**What the exercise asks:**
Print the data verbatim. Leave every image out.

**Listed records:**
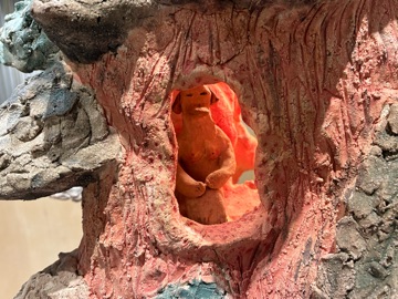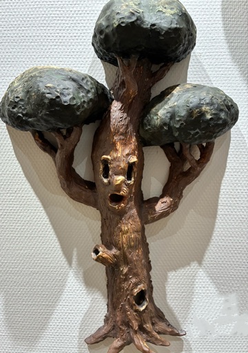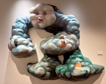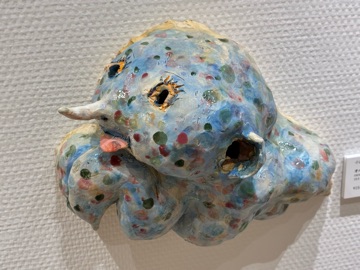 今朝も寒さと戦いながら 朝の用事を済ませました☆ 先程、熱い豆乳オレを淹れたので これから頂きます  この熱いのが お腹の底に沁み渡ります お休み中に行ってきました◎ 小出ナオキ展 「THE Long Way Out」 会場につくと真っ先に目に飛び込んできた なんともユーモラスなこの作品 もこもこの雲をイメージしています  140×170の作品でかなり大きいですが FRP(合成樹脂)を使っていて軽く ふわりと壁に掛かっておりました◎ FRPを使うアイデアは 若かりし頃にバイトしていた ディズニーランドのパレードの フロートから得たらしいです  会場のど真ん中に 存在感抜群の木がありました☆ 素材がFRPからセラミックに変わり 釜から出した時の 思いがけない作品の変化に魅力を感じ 新たな素材を使いはじめます◎ こちらの作品のテーマは 「永遠にいなくならない家族」 よく見ると、木の目の中や 木の上に小さなヒトが居ますね ここに登場するのは 実在する家族だけではなく 他界した家族が姿を変えて 雲のオバケやドクロなど異界の者達が 小出一家と共にここに居ます  これは、小出さんのお嬢さんが小さな頃 小出さんに色々話してくれたことを 絵にされていて お嬢さんの話の中にいた 7つのオバケのうちのひとつや 顔がある木など 小出さんが解釈された姿で 実現化されていました  こちらもお嬢さんが小さい頃 小出さんが赤ずきんちゃんの絵本を 読み聞かせていると 「オオカミが出て来ない 赤ずきんちゃんにして☆」 と、お嬢さんからお願いされた時の事を 作品にされました よく見ると、オオカミが ブロックの中に閉じ込められて 出て来れなくなっていますね◎ 小出さんの作品は 家族や身内の事をテーマにして ノスタルジックで優しい感じもありますが それだけではなく どこかエッジが効いていて 鑑賞している側のそれぞれの思想に 重ねて観ることが出来る そんな作品に感じました  久しぶりにアートを観にいきましたが とっても面白く 興味深いひと時になりました◎ また暖かくなった頃に 遠くに観に行こうかな  今週もよろしくお願いいたします
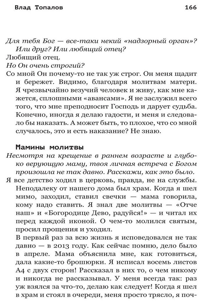 Книга, действительно, достойна внимания. Она выстроена как разговор о вере и жизни с известными и успешными людьми, при этом одна из главных задач книги, как сказано в предисловии - ломка стереотипов о том, какие они, церковные люди. Слабые, психически зависимые и неустойчивые, пассивные, закрытые для мира, зашоренные? Перечень имён в этой книге говорит сам за себя, а разнообразие духовного опыта, о котором здесь рассказывается, даёт много поводов к размышлению и, возможно, к какому-то изменению читателя в лучшую сторону. Книга издана в мягком переплёте, склеена так, что не раскрывается полностью, текст удобен для чтения.
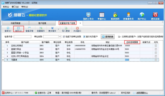 信管飛RMS軟件、信管飛送貨單軟件等支持管理應收款,有客戶存在已收貨未付款情況,對此種情況的客戶,可設置一個應收信用額度,在客戶的應收信用額度內可先收貨后付款。軟件支持批量添加客戶的信用額度,不需要在客戶信息中逐個打開進行修改。 本文以“信管飛RMS標準版”進行示范,如何批量維護客戶的信用額度。 在功能導航窗點擊“基礎資料”—》“客戶信息”,在客戶信息界面工具欄點擊“更多操作”下的“批量維護客戶信息”,如下圖所示:
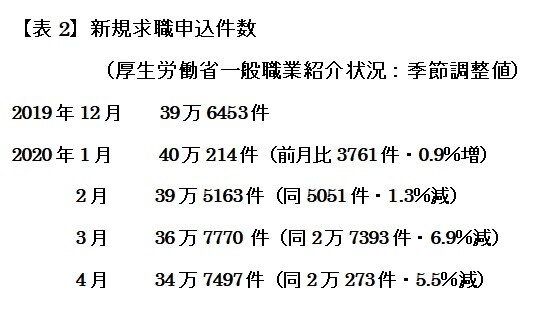 しかし一方で、公共職業安定所(以下、ハローワーク)で新規に求職の申し込みが行われた件数(「新規求職申込件数」=【表2】)は、1月こそ前月よりわずかに増加しているが、その後は減少が続いている。つまり、失業者は増加が続いているのに、なぜかハローワークで求職の手続きを行った人は減少しているということだ。
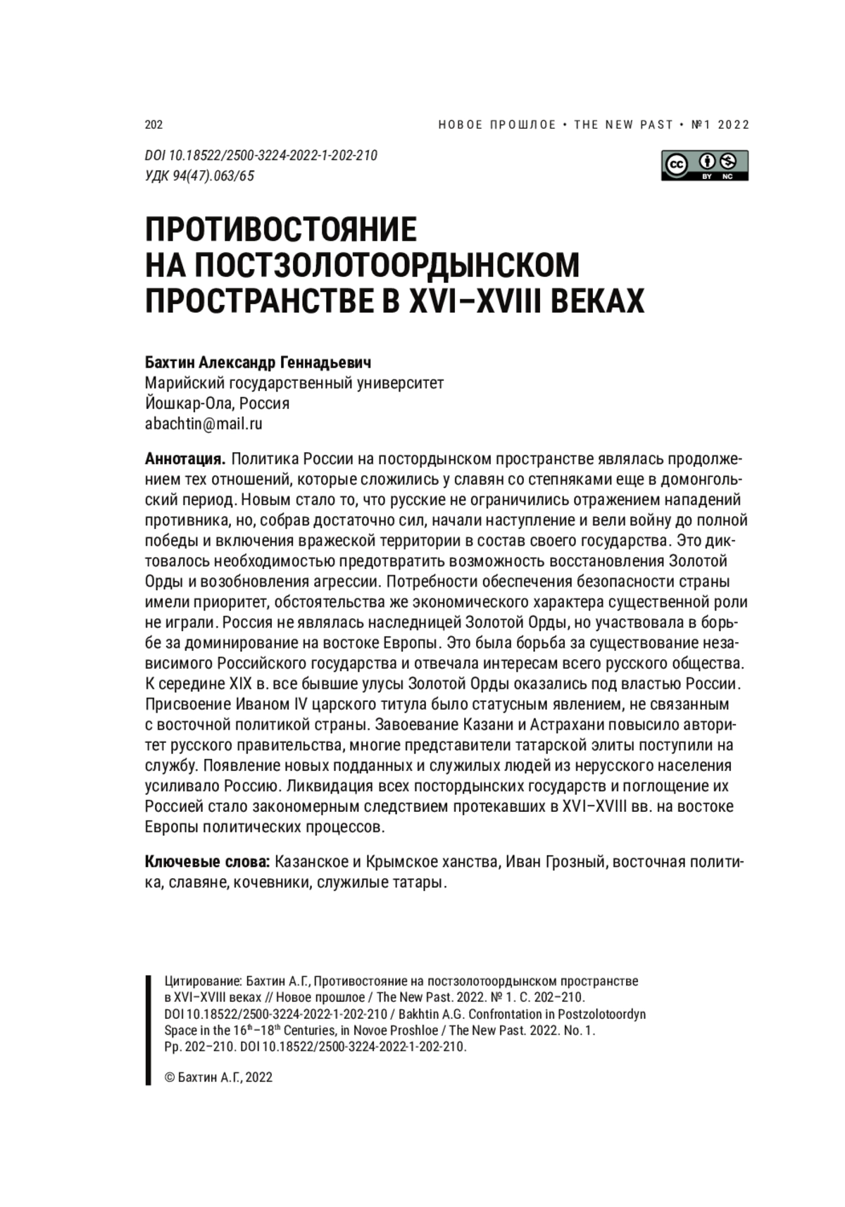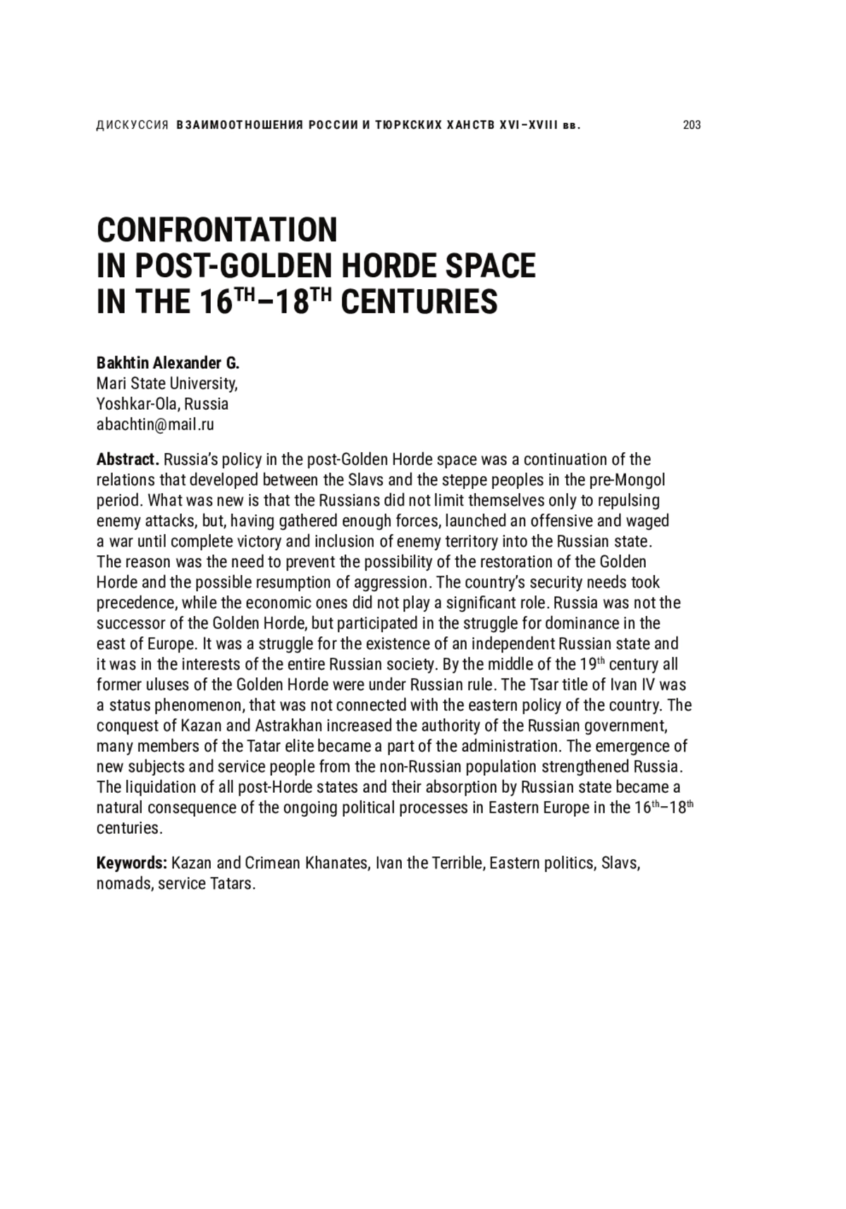 Публикация подготовлена в плане актуальной дискуссии о судьбах приграничных славяно-тюркских взаимоотношений как очень противоречивых и многогранных. Показаны разноплановость интересов с обеих сторон, разграничение и взаимосвязь оседлого и кочевого мира. Обозначен т. н. «интерстадиал» (лат. «зазор между ступенями») как практически непременный этап вхождения ханств, орд и родоплеменных структур в состав Российского государства. Подчеркнут разноуровневый характер общения в сферах власти и дипломатии, боевой конкуренции и в личных контактах, непременных в соседних этносах. Привлечены примеры перехода от Астраханского ханства к российскому Астраханскому воеводству. Как любопытные предметы для рассмотрения предстают менявшие друг друга ситуации «войн» и «мира», положения «свои — чужие» в необычных вариантах «свои, осевшие среди чужих» и «чужие, но все более близкие к своим». Некоторые ситуации пока еще малоизучены: об особых интересах Османской Турции на Дону и на Волге, о мирном курултае на р. Казанке в середине августа 1551 г., о традициях трактовок давних событий, переживших столетия до наших дней и др
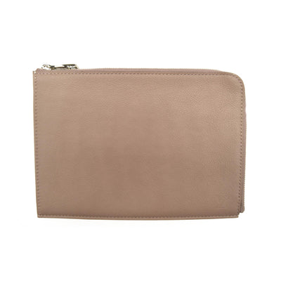 This is an authentic LOUIS VUITTON Calfskin Pochette Jour PM in Taupe. This pochette is crafted of smooth calfskin leather in beige. It features a three sided polished silver zipper that opens to a soft beige microfiber interior with a large patched pocket.
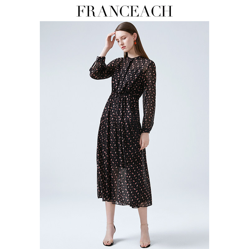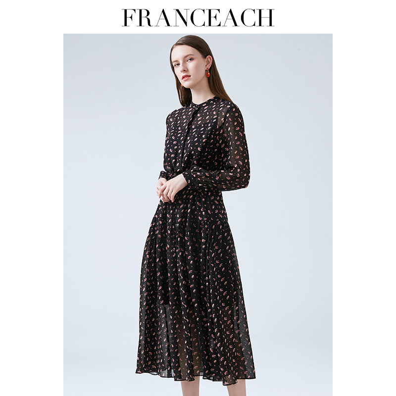 法涵意弛2023年春装新款真丝连衣裙女桑蚕丝年轻款长袖碎花衬衫裙

**Solution to this task:**
 今朝も寒さと戦いながら 朝の用事を済ませました☆ 先程、熱い豆乳オレを淹れたので これから頂きます  この熱いのが お腹の底に沁み渡ります お休み中に行ってきました◎ 小出ナオキ展 「THE Long Way Out」 会場につくと真っ先に目に飛び込んできた なんともユーモラスなこの作品 もこもこの雲をイメージしています  140×170の作品でかなり大きいですが FRP(合成樹脂)を使っていて軽く ふわりと壁に掛かっておりました◎ FRPを使うアイデアは 若かりし頃にバイトしていた ディズニーランドのパレードの フロートから得たらしいです  会場のど真ん中に 存在感抜群の木がありました☆ 素材がFRPからセラミックに変わり 釜から出した時の 思いがけない作品の変化に魅力を感じ 新たな素材を使いはじめます◎ こちらの作品のテーマは 「永遠にいなくならない家族」 よく見ると、木の目の中や 木の上に小さなヒトが居ますね ここに登場するのは 実在する家族だけではなく 他界した家族が姿を変えて 雲のオバケやドクロなど異界の者達が 小出一家と共にここに居ます  これは、小出さんのお嬢さんが小さな頃 小出さんに色々話してくれたことを 絵にされていて お嬢さんの話の中にいた 7つのオバケのうちのひとつや 顔がある木など 小出さんが解釈された姿で 実現化されていました  こちらもお嬢さんが小さい頃 小出さんが赤ずきんちゃんの絵本を 読み聞かせていると 「オオカミが出て来ない 赤ずきんちゃんにして☆」 と、お嬢さんからお願いされた時の事を 作品にされました よく見ると、オオカミが ブロックの中に閉じ込められて 出て来れなくなっていますね◎ 小出さんの作品は 家族や身内の事をテーマにして ノスタルジックで優しい感じもありますが それだけではなく どこかエッジが効いていて 鑑賞している側のそれぞれの思想に 重ねて観ることが出来る そんな作品に感じました  久しぶりにアートを観にいきましたが とっても面白く 興味深いひと時になりました◎ また暖かくなった頃に 遠くに観に行こうかな  今週もよろしくお願いいたします
 Книга, действительно, достойна внимания. Она выстроена как разговор о вере и жизни с известными и успешными людьми, при этом одна из главных задач книги, как сказано в предисловии - ломка стереотипов о том, какие они, церковные люди. Слабые, психически зависимые и неустойчивые, пассивные, закрытые для мира, зашоренные? Перечень имён в этой книге говорит сам за себя, а разнообразие духовного опыта, о котором здесь рассказывается, даёт много поводов к размышлению и, возможно, к какому-то изменению читателя в лучшую сторону. Книга издана в мягком переплёте, склеена так, что не раскрывается полностью, текст удобен для чтения.
 信管飛RMS軟件、信管飛送貨單軟件等支持管理應收款,有客戶存在已收貨未付款情況,對此種情況的客戶,可設置一個應收信用額度,在客戶的應收信用額度內可先收貨后付款。軟件支持批量添加客戶的信用額度,不需要在客戶信息中逐個打開進行修改。 本文以“信管飛RMS標準版”進行示范,如何批量維護客戶的信用額度。 在功能導航窗點擊“基礎資料”—》“客戶信息”,在客戶信息界面工具欄點擊“更多操作”下的“批量維護客戶信息”,如下圖所示:
 しかし一方で、公共職業安定所(以下、ハローワーク)で新規に求職の申し込みが行われた件数(「新規求職申込件数」=【表2】)は、1月こそ前月よりわずかに増加しているが、その後は減少が続いている。つまり、失業者は増加が続いているのに、なぜかハローワークで求職の手続きを行った人は減少しているということだ。
 Публикация подготовлена в плане актуальной дискуссии о судьбах приграничных славяно-тюркских взаимоотношений как очень противоречивых и многогранных. Показаны разноплановость интересов с обеих сторон, разграничение и взаимосвязь оседлого и кочевого мира. Обозначен т. н. «интерстадиал» (лат. «зазор между ступенями») как практически непременный этап вхождения ханств, орд и родоплеменных структур в состав Российского государства. Подчеркнут разноуровневый характер общения в сферах власти и дипломатии, боевой конкуренции и в личных контактах, непременных в соседних этносах. Привлечены примеры перехода от Астраханского ханства к российскому Астраханскому воеводству. Как любопытные предметы для рассмотрения предстают менявшие друг друга ситуации «войн» и «мира», положения «свои — чужие» в необычных вариантах «свои, осевшие среди чужих» и «чужие, но все более близкие к своим». Некоторые ситуации пока еще малоизучены: об особых интересах Османской Турции на Дону и на Волге, о мирном курултае на р. Казанке в середине августа 1551 г., о традициях трактовок давних событий, переживших столетия до наших дней и др
 This is an authentic LOUIS VUITTON Calfskin Pochette Jour PM in Taupe. This pochette is crafted of smooth calfskin leather in beige. It features a three sided polished silver zipper that opens to a soft beige microfiber interior with a large patched pocket.
 法涵意弛2023年春装新款真丝连衣裙女桑蚕丝年轻款长袖碎花衬衫裙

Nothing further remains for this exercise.